----- Input data

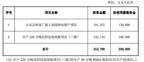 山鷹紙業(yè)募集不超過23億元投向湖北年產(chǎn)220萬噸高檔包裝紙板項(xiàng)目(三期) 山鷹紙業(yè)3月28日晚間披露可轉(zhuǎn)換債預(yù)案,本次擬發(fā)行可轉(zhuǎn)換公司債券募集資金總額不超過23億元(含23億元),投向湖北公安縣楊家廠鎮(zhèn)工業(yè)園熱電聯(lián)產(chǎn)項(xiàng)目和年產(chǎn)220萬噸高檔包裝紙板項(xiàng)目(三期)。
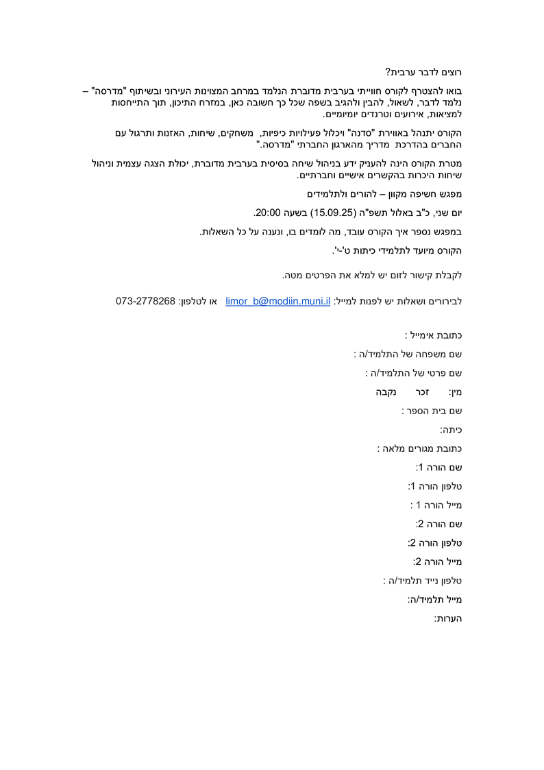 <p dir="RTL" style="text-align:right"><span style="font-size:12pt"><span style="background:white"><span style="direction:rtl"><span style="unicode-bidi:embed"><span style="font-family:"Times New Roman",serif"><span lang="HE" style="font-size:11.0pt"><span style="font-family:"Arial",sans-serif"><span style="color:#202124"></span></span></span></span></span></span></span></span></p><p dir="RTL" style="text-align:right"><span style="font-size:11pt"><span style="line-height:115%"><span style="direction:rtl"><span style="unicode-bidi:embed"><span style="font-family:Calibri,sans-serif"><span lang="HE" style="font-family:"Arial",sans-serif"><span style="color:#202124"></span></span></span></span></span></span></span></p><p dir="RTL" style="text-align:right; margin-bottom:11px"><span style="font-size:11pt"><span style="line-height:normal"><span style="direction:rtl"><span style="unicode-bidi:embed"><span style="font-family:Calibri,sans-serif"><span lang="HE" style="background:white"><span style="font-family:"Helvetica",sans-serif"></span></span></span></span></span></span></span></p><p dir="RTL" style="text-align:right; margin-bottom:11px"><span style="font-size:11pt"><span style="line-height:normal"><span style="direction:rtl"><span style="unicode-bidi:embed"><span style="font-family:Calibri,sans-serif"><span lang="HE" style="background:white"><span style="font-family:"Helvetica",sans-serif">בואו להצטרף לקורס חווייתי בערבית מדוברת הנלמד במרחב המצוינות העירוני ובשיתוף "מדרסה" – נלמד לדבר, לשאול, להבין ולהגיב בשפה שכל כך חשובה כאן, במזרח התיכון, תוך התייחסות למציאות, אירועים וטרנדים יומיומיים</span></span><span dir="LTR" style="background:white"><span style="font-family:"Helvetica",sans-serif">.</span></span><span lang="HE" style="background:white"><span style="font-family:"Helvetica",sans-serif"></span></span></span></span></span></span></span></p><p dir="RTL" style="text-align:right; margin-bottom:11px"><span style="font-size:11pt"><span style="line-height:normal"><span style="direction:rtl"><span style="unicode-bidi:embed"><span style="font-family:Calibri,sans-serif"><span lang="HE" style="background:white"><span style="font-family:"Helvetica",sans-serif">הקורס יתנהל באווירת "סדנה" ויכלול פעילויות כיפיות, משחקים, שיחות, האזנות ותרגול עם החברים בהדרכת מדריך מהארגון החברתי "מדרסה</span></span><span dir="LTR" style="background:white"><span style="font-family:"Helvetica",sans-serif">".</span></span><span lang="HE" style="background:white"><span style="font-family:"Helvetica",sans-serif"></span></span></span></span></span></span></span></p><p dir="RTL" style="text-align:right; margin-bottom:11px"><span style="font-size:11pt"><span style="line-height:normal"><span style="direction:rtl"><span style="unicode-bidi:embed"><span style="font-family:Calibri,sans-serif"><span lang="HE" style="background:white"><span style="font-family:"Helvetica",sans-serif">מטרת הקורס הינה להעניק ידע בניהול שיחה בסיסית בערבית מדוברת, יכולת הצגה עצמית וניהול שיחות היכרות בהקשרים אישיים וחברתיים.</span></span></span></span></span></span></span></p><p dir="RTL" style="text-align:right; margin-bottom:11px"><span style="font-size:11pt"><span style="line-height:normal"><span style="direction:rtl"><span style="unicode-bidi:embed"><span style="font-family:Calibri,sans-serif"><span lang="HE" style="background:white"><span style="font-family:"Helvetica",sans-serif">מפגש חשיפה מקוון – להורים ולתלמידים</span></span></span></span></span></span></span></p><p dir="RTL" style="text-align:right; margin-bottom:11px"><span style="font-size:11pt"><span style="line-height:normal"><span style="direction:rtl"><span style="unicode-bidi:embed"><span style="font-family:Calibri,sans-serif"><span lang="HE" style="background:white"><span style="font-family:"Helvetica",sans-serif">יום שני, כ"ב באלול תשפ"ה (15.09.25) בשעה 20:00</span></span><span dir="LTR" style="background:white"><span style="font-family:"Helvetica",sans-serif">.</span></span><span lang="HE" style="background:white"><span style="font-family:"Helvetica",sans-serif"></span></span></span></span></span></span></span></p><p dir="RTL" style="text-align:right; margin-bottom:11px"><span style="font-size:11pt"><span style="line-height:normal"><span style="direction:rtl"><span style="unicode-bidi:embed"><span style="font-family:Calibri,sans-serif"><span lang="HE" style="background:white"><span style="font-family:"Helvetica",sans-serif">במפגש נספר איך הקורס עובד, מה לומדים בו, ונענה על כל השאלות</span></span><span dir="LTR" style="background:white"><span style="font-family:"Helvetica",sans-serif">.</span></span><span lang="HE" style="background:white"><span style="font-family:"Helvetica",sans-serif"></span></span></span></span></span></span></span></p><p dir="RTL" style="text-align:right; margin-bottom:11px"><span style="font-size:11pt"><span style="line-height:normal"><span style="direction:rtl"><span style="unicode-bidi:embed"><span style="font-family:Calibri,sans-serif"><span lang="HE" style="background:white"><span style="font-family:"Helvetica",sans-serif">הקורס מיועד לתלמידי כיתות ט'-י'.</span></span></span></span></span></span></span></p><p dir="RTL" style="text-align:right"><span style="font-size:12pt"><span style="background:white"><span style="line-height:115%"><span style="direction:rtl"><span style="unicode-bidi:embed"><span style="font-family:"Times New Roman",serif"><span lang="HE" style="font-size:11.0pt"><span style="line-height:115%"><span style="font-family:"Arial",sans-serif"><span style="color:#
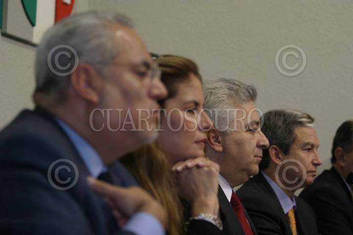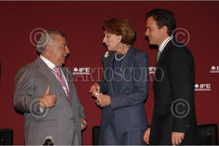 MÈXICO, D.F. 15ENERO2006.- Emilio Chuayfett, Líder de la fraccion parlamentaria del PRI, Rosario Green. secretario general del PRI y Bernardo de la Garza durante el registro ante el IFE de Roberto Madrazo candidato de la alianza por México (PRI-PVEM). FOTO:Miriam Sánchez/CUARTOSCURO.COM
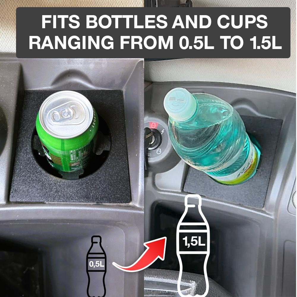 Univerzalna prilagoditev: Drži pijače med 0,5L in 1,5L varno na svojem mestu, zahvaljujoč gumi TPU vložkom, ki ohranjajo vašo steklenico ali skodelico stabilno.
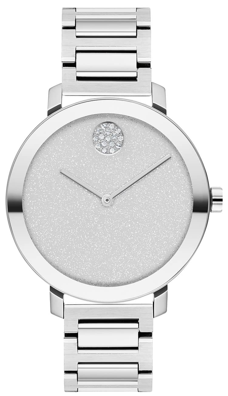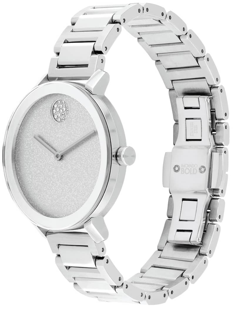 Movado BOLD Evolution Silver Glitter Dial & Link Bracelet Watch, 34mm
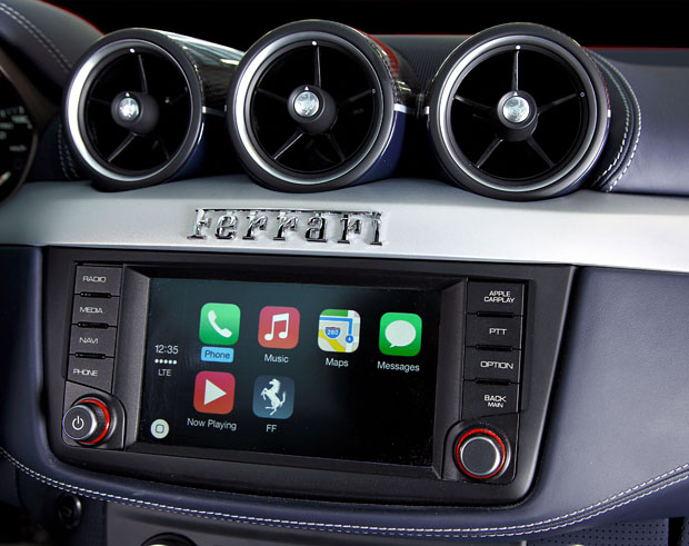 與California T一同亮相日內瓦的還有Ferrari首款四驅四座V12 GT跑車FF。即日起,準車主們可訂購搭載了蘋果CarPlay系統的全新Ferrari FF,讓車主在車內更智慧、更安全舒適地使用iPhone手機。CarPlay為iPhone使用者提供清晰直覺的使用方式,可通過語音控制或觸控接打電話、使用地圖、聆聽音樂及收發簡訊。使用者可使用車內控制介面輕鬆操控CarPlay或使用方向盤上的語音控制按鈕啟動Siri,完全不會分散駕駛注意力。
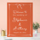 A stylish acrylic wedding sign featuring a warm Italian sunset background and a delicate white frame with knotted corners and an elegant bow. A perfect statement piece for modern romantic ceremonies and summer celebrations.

----------

Work request: Your task is an exact transcription of all the data, minus the pictures.

Output for this exercise:
 山鷹紙業(yè)募集不超過23億元投向湖北年產(chǎn)220萬噸高檔包裝紙板項(xiàng)目(三期) 山鷹紙業(yè)3月28日晚間披露可轉(zhuǎn)換債預(yù)案,本次擬發(fā)行可轉(zhuǎn)換公司債券募集資金總額不超過23億元(含23億元),投向湖北公安縣楊家廠鎮(zhèn)工業(yè)園熱電聯(lián)產(chǎn)項(xiàng)目和年產(chǎn)220萬噸高檔包裝紙板項(xiàng)目(三期)。
 <p dir="RTL" style="text-align:right"><span style="font-size:12pt"><span style="background:white"><span style="direction:rtl"><span style="unicode-bidi:embed"><span style="font-family:"Times New Roman",serif"><span lang="HE" style="font-size:11.0pt"><span style="font-family:"Arial",sans-serif"><span style="color:#202124"></span></span></span></span></span></span></span></span></p><p dir="RTL" style="text-align:right"><span style="font-size:11pt"><span style="line-height:115%"><span style="direction:rtl"><span style="unicode-bidi:embed"><span style="font-family:Calibri,sans-serif"><span lang="HE" style="font-family:"Arial",sans-serif"><span style="color:#202124"></span></span></span></span></span></span></span></p><p dir="RTL" style="text-align:right; margin-bottom:11px"><span style="font-size:11pt"><span style="line-height:normal"><span style="direction:rtl"><span style="unicode-bidi:embed"><span style="font-family:Calibri,sans-serif"><span lang="HE" style="background:white"><span style="font-family:"Helvetica",sans-serif"></span></span></span></span></span></span></span></p><p dir="RTL" style="text-align:right; margin-bottom:11px"><span style="font-size:11pt"><span style="line-height:normal"><span style="direction:rtl"><span style="unicode-bidi:embed"><span style="font-family:Calibri,sans-serif"><span lang="HE" style="background:white"><span style="font-family:"Helvetica",sans-serif">בואו להצטרף לקורס חווייתי בערבית מדוברת הנלמד במרחב המצוינות העירוני ובשיתוף "מדרסה" – נלמד לדבר, לשאול, להבין ולהגיב בשפה שכל כך חשובה כאן, במזרח התיכון, תוך התייחסות למציאות, אירועים וטרנדים יומיומיים</span></span><span dir="LTR" style="background:white"><span style="font-family:"Helvetica",sans-serif">.</span></span><span lang="HE" style="background:white"><span style="font-family:"Helvetica",sans-serif"></span></span></span></span></span></span></span></p><p dir="RTL" style="text-align:right; margin-bottom:11px"><span style="font-size:11pt"><span style="line-height:normal"><span style="direction:rtl"><span style="unicode-bidi:embed"><span style="font-family:Calibri,sans-serif"><span lang="HE" style="background:white"><span style="font-family:"Helvetica",sans-serif">הקורס יתנהל באווירת "סדנה" ויכלול פעילויות כיפיות, משחקים, שיחות, האזנות ותרגול עם החברים בהדרכת מדריך מהארגון החברתי "מדרסה</span></span><span dir="LTR" style="background:white"><span style="font-family:"Helvetica",sans-serif">".</span></span><span lang="HE" style="background:white"><span style="font-family:"Helvetica",sans-serif"></span></span></span></span></span></span></span></p><p dir="RTL" style="text-align:right; margin-bottom:11px"><span style="font-size:11pt"><span style="line-height:normal"><span style="direction:rtl"><span style="unicode-bidi:embed"><span style="font-family:Calibri,sans-serif"><span lang="HE" style="background:white"><span style="font-family:"Helvetica",sans-serif">מטרת הקורס הינה להעניק ידע בניהול שיחה בסיסית בערבית מדוברת, יכולת הצגה עצמית וניהול שיחות היכרות בהקשרים אישיים וחברתיים.</span></span></span></span></span></span></span></p><p dir="RTL" style="text-align:right; margin-bottom:11px"><span style="font-size:11pt"><span style="line-height:normal"><span style="direction:rtl"><span style="unicode-bidi:embed"><span style="font-family:Calibri,sans-serif"><span lang="HE" style="background:white"><span style="font-family:"Helvetica",sans-serif">מפגש חשיפה מקוון – להורים ולתלמידים</span></span></span></span></span></span></span></p><p dir="RTL" style="text-align:right; margin-bottom:11px"><span style="font-size:11pt"><span style="line-height:normal"><span style="direction:rtl"><span style="unicode-bidi:embed"><span style="font-family:Calibri,sans-serif"><span lang="HE" style="background:white"><span style="font-family:"Helvetica",sans-serif">יום שני, כ"ב באלול תשפ"ה (15.09.25) בשעה 20:00</span></span><span dir="LTR" style="background:white"><span style="font-family:"Helvetica",sans-serif">.</span></span><span lang="HE" style="background:white"><span style="font-family:"Helvetica",sans-serif"></span></span></span></span></span></span></span></p><p dir="RTL" style="text-align:right; margin-bottom:11px"><span style="font-size:11pt"><span style="line-height:normal"><span style="direction:rtl"><span style="unicode-bidi:embed"><span style="font-family:Calibri,sans-serif"><span lang="HE" style="background:white"><span style="font-family:"Helvetica",sans-serif">במפגש נספר איך הקורס עובד, מה לומדים בו, ונענה על כל השאלות</span></span><span dir="LTR" style="background:white"><span style="font-family:"Helvetica",sans-serif">.</span></span><span lang="HE" style="background:white"><span style="font-family:"Helvetica",sans-serif"></span></span></span></span></span></span></span></p><p dir="RTL" style="text-align:right; margin-bottom:11px"><span style="font-size:11pt"><span style="line-height:normal"><span style="direction:rtl"><span style="unicode-bidi:embed"><span style="font-family:Calibri,sans-serif"><span lang="HE" style="background:white"><span style="font-family:"Helvetica",sans-serif">הקורס מיועד לתלמידי כיתות ט'-י'.</span></span></span></span></span></span></span></p><p dir="RTL" style="text-align:right"><span style="font-size:12pt"><span style="background:white"><span style="line-height:115%"><span style="direction:rtl"><span style="unicode-bidi:embed"><span style="font-family:"Times New Roman",serif"><span lang="HE" style="font-size:11.0pt"><span style="line-height:115%"><span style="font-family:"Arial",sans-serif"><span style="color:#
 MÈXICO, D.F. 15ENERO2006.- Emilio Chuayfett, Líder de la fraccion parlamentaria del PRI, Rosario Green. secretario general del PRI y Bernardo de la Garza durante el registro ante el IFE de Roberto Madrazo candidato de la alianza por México (PRI-PVEM). FOTO:Miriam Sánchez/CUARTOSCURO.COM
 Univerzalna prilagoditev: Drži pijače med 0,5L in 1,5L varno na svojem mestu, zahvaljujoč gumi TPU vložkom, ki ohranjajo vašo steklenico ali skodelico stabilno.
 Movado BOLD Evolution Silver Glitter Dial & Link Bracelet Watch, 34mm
 與California T一同亮相日內瓦的還有Ferrari首款四驅四座V12 GT跑車FF。即日起,準車主們可訂購搭載了蘋果CarPlay系統的全新Ferrari FF,讓車主在車內更智慧、更安全舒適地使用iPhone手機。CarPlay為iPhone使用者提供清晰直覺的使用方式,可通過語音控制或觸控接打電話、使用地圖、聆聽音樂及收發簡訊。使用者可使用車內控制介面輕鬆操控CarPlay或使用方向盤上的語音控制按鈕啟動Siri,完全不會分散駕駛注意力。
 A stylish acrylic wedding sign featuring a warm Italian sunset background and a delicate white frame with knotted corners and an elegant bow. A perfect statement piece for modern romantic ceremonies and summer celebrations.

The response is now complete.